◆ **Data records**
+++++

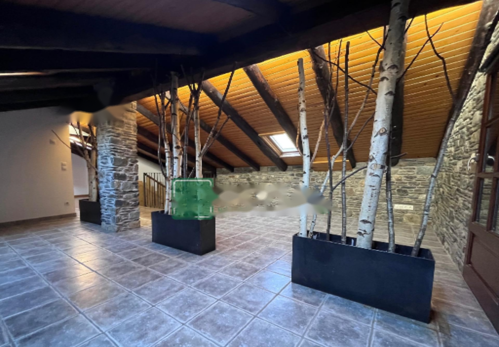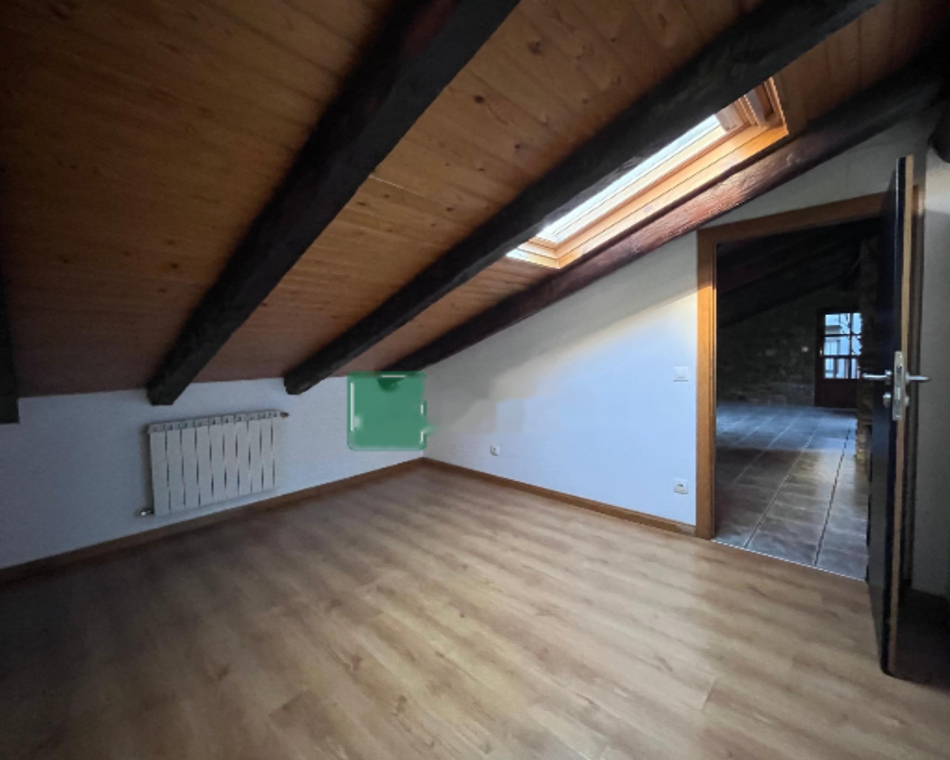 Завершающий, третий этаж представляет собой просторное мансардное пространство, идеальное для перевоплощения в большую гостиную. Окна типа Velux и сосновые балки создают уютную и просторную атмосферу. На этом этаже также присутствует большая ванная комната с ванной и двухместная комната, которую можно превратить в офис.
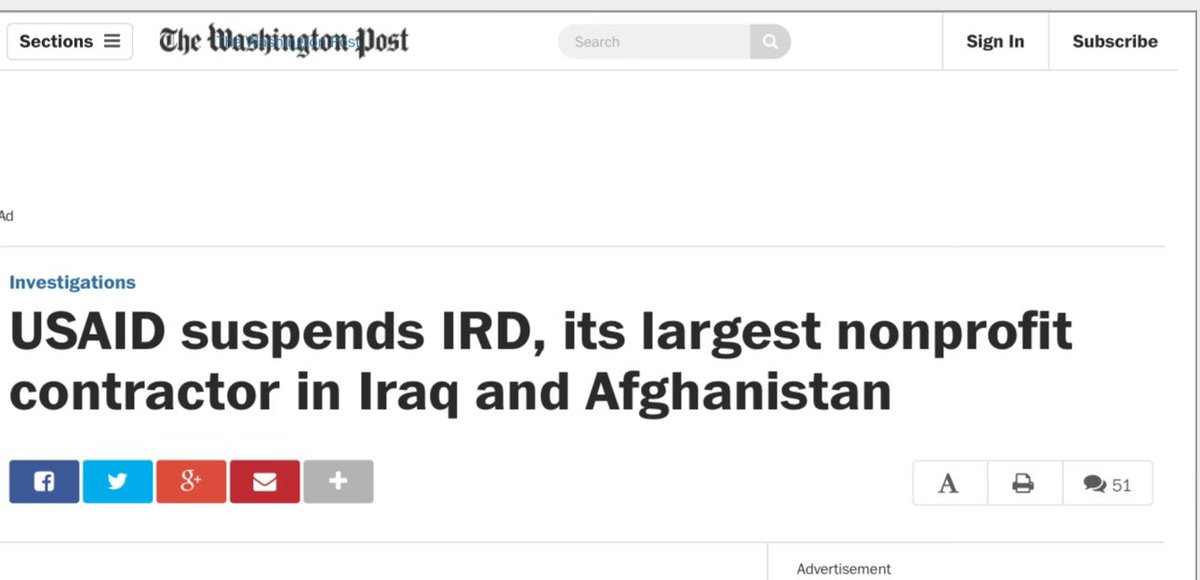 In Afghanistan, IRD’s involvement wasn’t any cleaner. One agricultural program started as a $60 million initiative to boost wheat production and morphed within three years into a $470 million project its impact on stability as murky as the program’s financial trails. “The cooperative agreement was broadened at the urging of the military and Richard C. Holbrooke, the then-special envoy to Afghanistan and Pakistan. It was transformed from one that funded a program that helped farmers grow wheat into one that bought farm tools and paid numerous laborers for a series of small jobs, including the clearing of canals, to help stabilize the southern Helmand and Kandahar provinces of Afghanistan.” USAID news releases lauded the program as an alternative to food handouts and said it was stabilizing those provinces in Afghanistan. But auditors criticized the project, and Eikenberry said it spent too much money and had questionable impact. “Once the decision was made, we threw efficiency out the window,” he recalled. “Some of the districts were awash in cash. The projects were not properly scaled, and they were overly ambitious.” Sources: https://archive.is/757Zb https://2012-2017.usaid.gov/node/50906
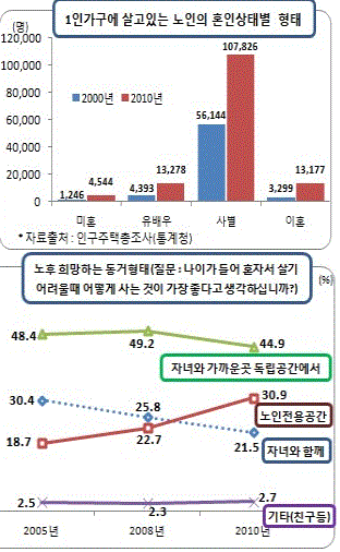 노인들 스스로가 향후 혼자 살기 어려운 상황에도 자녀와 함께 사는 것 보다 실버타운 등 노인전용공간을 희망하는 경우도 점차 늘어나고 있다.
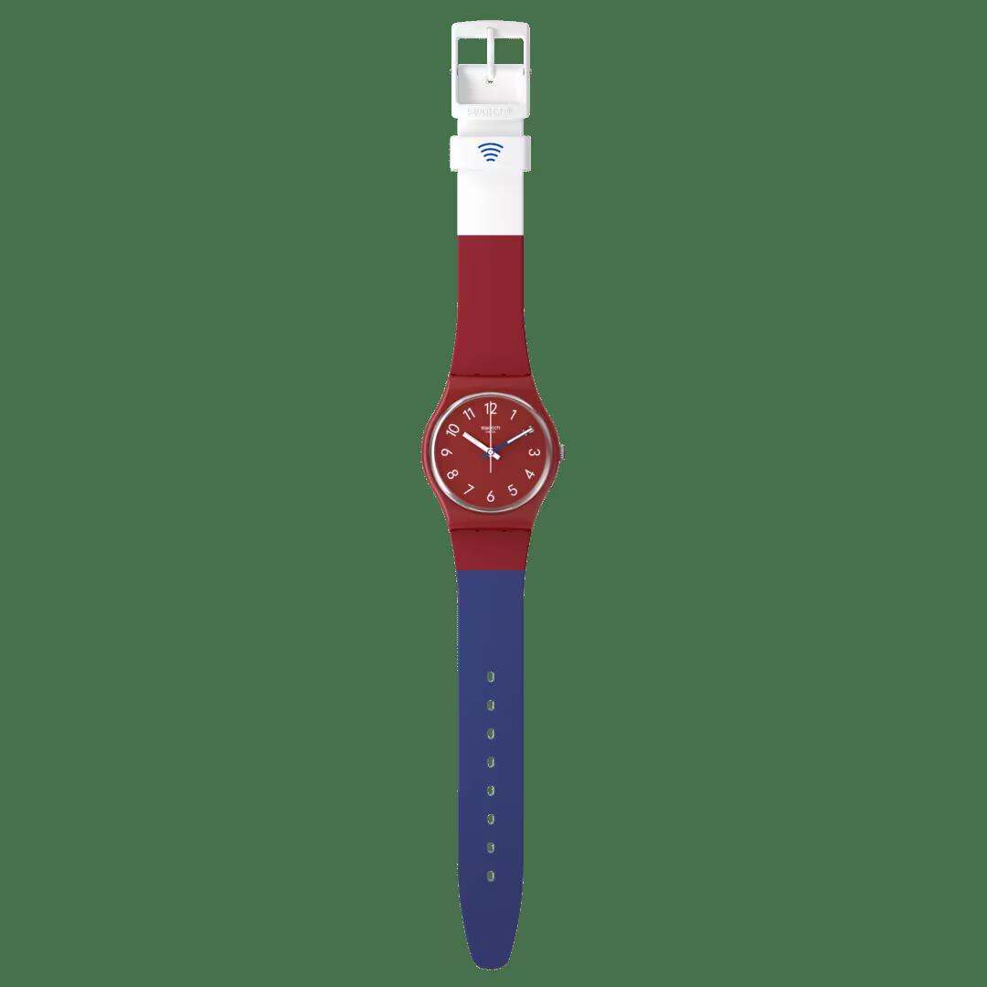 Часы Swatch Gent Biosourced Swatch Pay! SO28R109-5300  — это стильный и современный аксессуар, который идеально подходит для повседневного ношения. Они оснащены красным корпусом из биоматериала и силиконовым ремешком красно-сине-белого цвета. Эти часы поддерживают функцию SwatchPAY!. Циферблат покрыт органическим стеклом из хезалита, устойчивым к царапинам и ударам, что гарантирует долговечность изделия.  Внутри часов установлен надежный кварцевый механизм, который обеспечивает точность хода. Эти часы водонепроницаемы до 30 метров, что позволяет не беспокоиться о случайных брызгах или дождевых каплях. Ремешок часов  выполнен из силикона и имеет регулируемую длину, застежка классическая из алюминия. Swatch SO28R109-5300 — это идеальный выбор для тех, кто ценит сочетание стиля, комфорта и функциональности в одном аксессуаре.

+++++

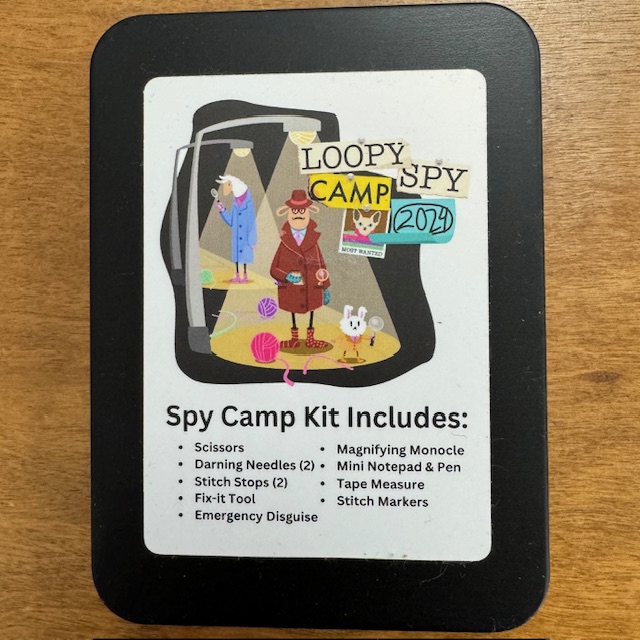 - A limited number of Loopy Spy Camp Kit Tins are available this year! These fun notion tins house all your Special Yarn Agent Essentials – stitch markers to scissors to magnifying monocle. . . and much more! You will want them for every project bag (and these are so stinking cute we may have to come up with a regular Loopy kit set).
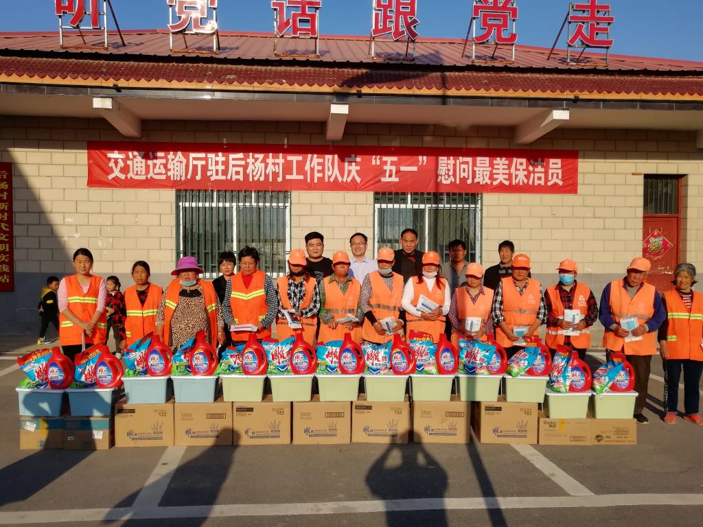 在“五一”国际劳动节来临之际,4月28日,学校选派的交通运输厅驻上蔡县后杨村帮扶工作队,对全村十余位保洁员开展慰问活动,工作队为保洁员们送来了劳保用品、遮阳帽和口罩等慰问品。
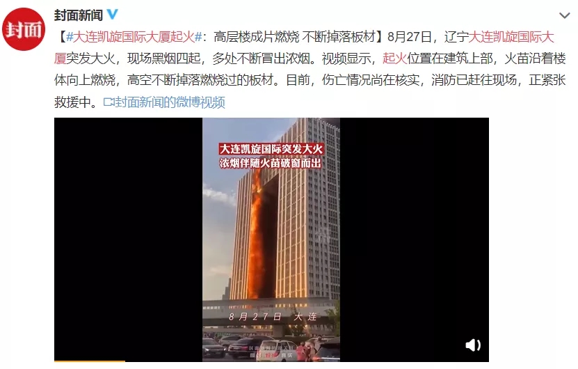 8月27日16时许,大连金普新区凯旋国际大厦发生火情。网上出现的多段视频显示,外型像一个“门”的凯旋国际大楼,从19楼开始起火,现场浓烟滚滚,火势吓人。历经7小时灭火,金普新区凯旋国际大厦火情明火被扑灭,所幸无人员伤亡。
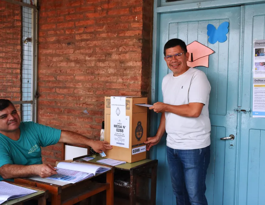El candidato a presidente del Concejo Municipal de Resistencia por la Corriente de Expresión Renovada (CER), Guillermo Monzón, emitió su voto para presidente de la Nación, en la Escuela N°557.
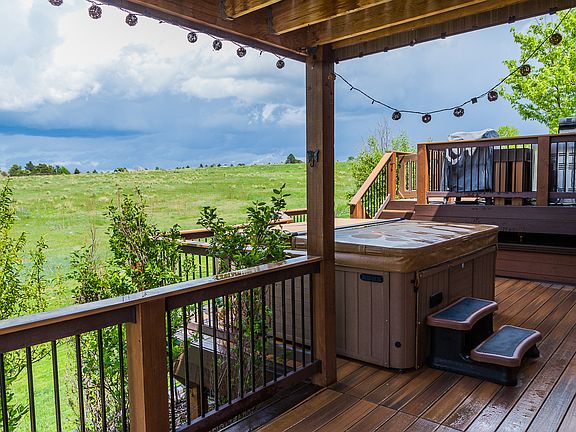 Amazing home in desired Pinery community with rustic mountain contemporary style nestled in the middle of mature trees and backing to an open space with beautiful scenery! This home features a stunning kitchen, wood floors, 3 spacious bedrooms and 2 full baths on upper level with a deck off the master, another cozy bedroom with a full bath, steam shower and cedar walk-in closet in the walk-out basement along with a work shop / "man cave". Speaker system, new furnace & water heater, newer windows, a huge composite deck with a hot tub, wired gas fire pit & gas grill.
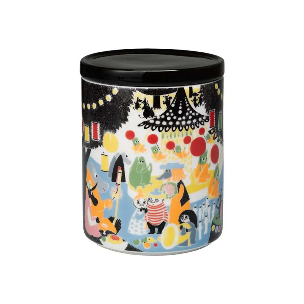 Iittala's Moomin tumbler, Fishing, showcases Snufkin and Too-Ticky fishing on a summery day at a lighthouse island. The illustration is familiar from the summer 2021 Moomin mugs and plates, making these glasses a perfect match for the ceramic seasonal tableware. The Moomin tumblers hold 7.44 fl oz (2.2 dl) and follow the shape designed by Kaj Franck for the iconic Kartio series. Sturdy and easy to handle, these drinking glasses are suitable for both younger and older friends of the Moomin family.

+++++

◆ **Requirement**
The lines to set down run from the line with "노인들 스스로가 향후" up to and including the line with "Часы Swatch Gent" in the entries above. Reproduce them exactly, with no pictures.

◆ **Finished exercise**
 노인들 스스로가 향후 혼자 살기 어려운 상황에도 자녀와 함께 사는 것 보다 실버타운 등 노인전용공간을 희망하는 경우도 점차 늘어나고 있다.
 Часы Swatch Gent Biosourced Swatch Pay! SO28R109-5300  — это стильный и современный аксессуар, который идеально подходит для повседневного ношения. Они оснащены красным корпусом из биоматериала и силиконовым ремешком красно-сине-белого цвета. Эти часы поддерживают функцию SwatchPAY!. Циферблат покрыт органическим стеклом из хезалита, устойчивым к царапинам и ударам, что гарантирует долговечность изделия.  Внутри часов установлен надежный кварцевый механизм, который обеспечивает точность хода. Эти часы водонепроницаемы до 30 метров, что позволяет не беспокоиться о случайных брызгах или дождевых каплях. Ремешок часов  выполнен из силикона и имеет регулируемую длину, застежка классическая из алюминия. Swatch SO28R109-5300 — это идеальный выбор для тех, кто ценит сочетание стиля, комфорта и функциональности в одном аксессуаре.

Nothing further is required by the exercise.